──────── EXERCISE INPUTS

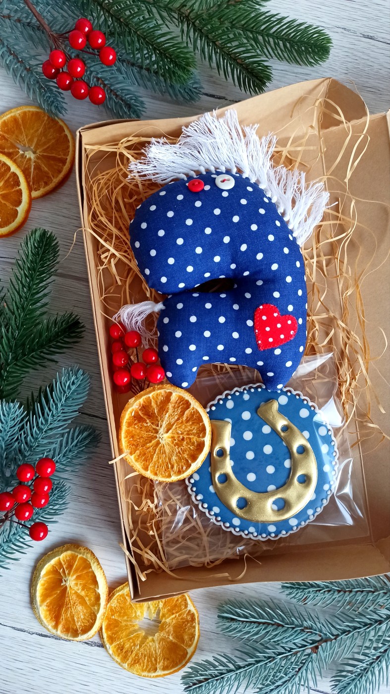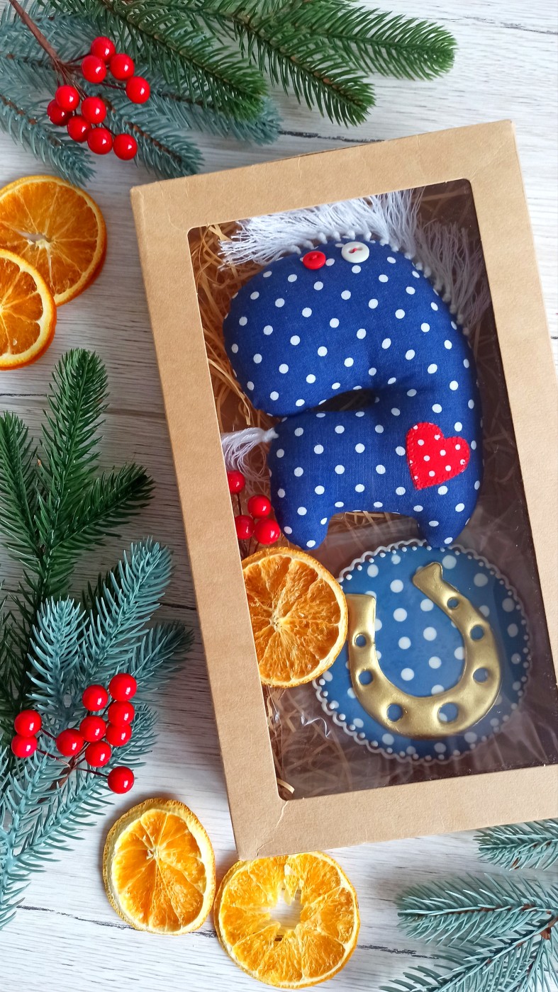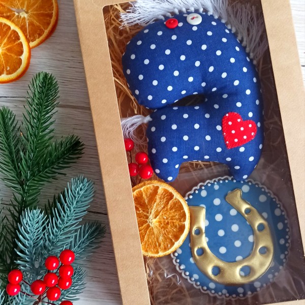 Jaungada dāvanu komplekts: tekstila zirdziņš - nākamā gada simbols - un ingvera un medus prjaniks (piparkūka) krafta kastītē.
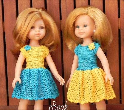 This is a crochet pattern how to make a dress for a 13-inch doll.
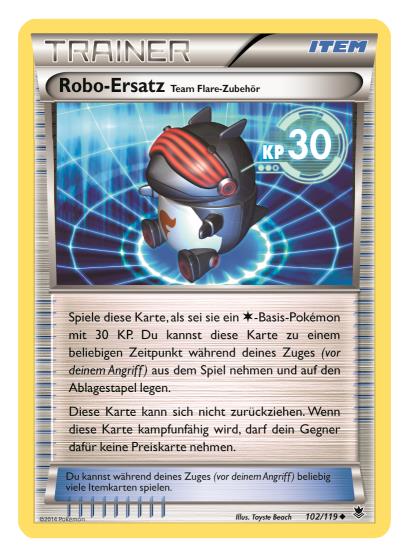 Weiterhin erhält der Spieler sieben Trainerkarten, unter denen sich zwei Mitglieder von Team Flare, Flordelis und Xeros, aufhalten. Zwei spezielle Team Flare-Superzubehör Pokémon-Ausrüstungen können dazu verwendet werden, die Effektivität der Pokémon des Gegners einzuschränken. Es sind die ersten Karten ihrer Art im Pokémon Sammelkartenspiel! Unter Pokemon.de/tcg gibt es mehr Informationen.
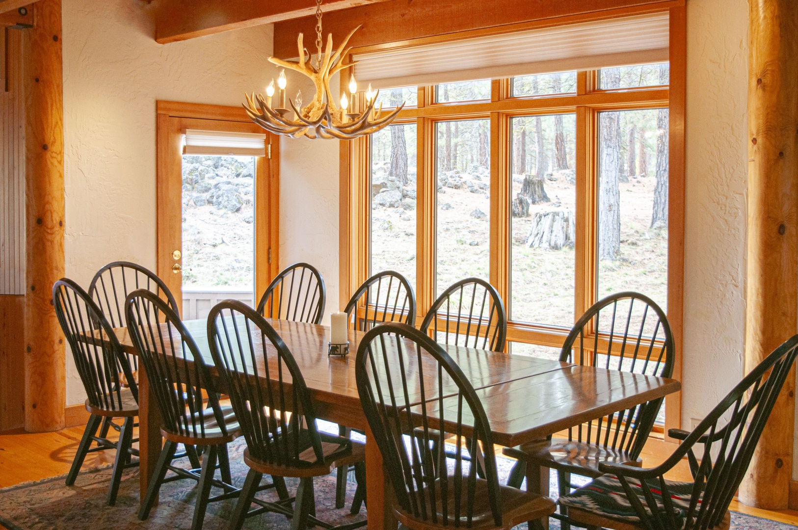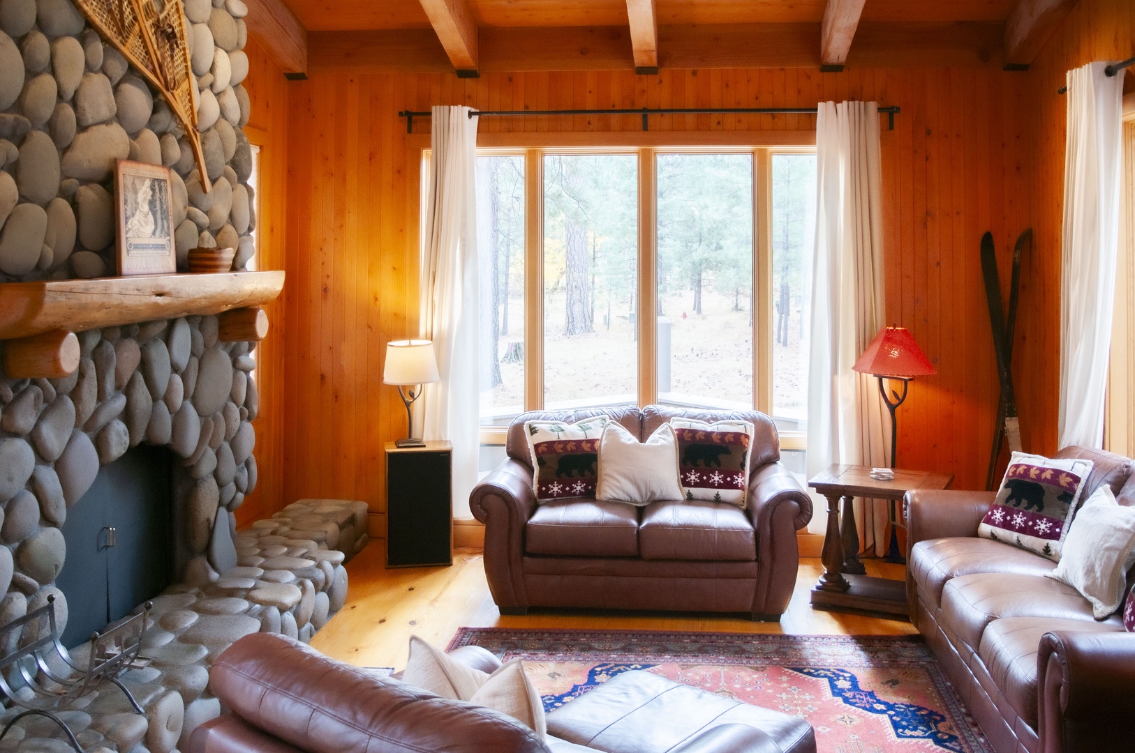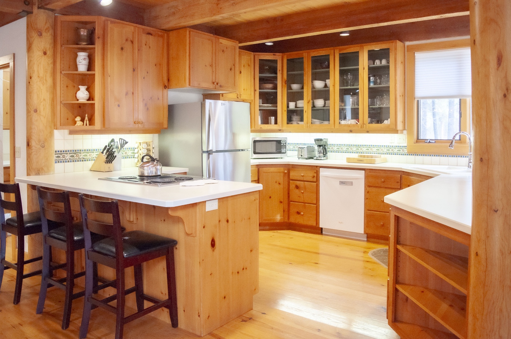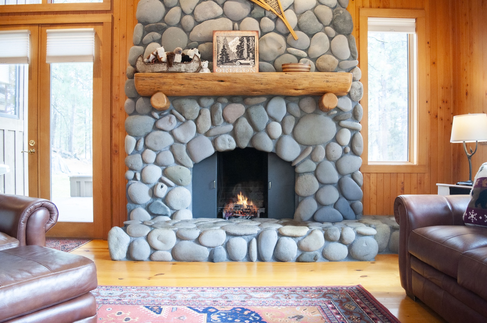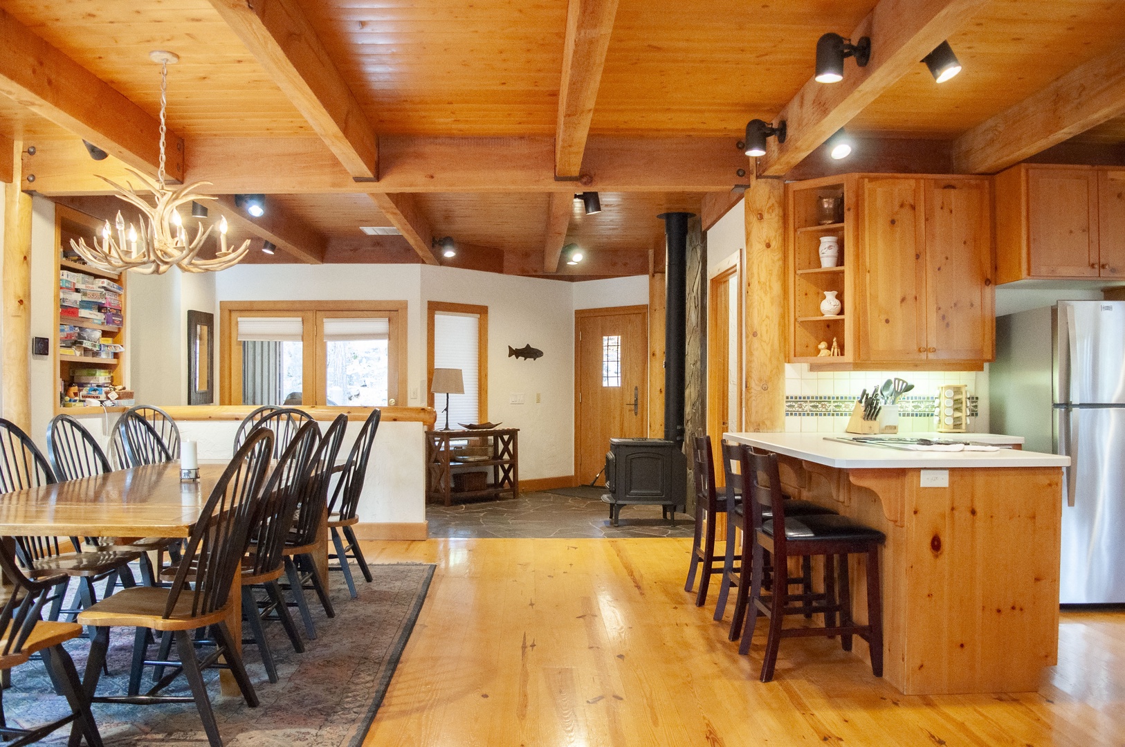 Upon entering this home, you are greeted by an inviting wood burning stove atop slate floors which transition into the wood floors for the remainder of the downstairs living quarters. The floor-to-ceiling windows provide an abundance of natural light to the expansive dining room table with seating for ten and the open concept kitchen with its small breakfast nook for three. On either side of this room is a door which leads to a wrap-around porch which encircles the downstairs living area and is complete with bench seating and a BBQ for summer cookouts. Stepping down into the sunken living room, you are welcomed by the river rock real wood burning fireplace in the cozy living area, perfect for the quiet night in. To the left of the front door, you will find the ¾ downstairs bathroom complete with a step-in shower and a large laundry room.
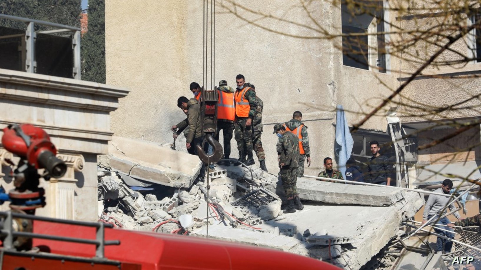 بدوره ذكر الجيش السوري أن المبنى الواقع في حي المزة غرب دمشق ويخضع لحراسة مشددة دمر بالكامل، مضيفا أن القوات الجوية الإسرائيلية أطلقت الصواريخ أثناء تحليقها فوق مرتفعات الجولان التي تحتلها إسرائيل.
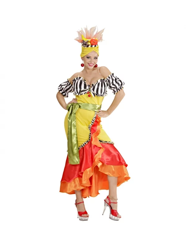 Ajoutez à cela la coiffe fruitée qui accompagne la panoplie, et vous avez tout un personnage habillé à la gloire des fêtes dans votre miroir. Il ne vous reste plus qu’à vous maquiller et à mettre les bijoux carnavalesques adaptés.

────────────────

§ **TASK GOAL**:
Leave out any pictures and return exactly the lines from the beginning of the data through the line with "This is a crochet", inclusive.

§ **YOUR SOLUTION**:
 Jaungada dāvanu komplekts: tekstila zirdziņš - nākamā gada simbols - un ingvera un medus prjaniks (piparkūka) krafta kastītē.
 This is a crochet pattern how to make a dress for a 13-inch doll.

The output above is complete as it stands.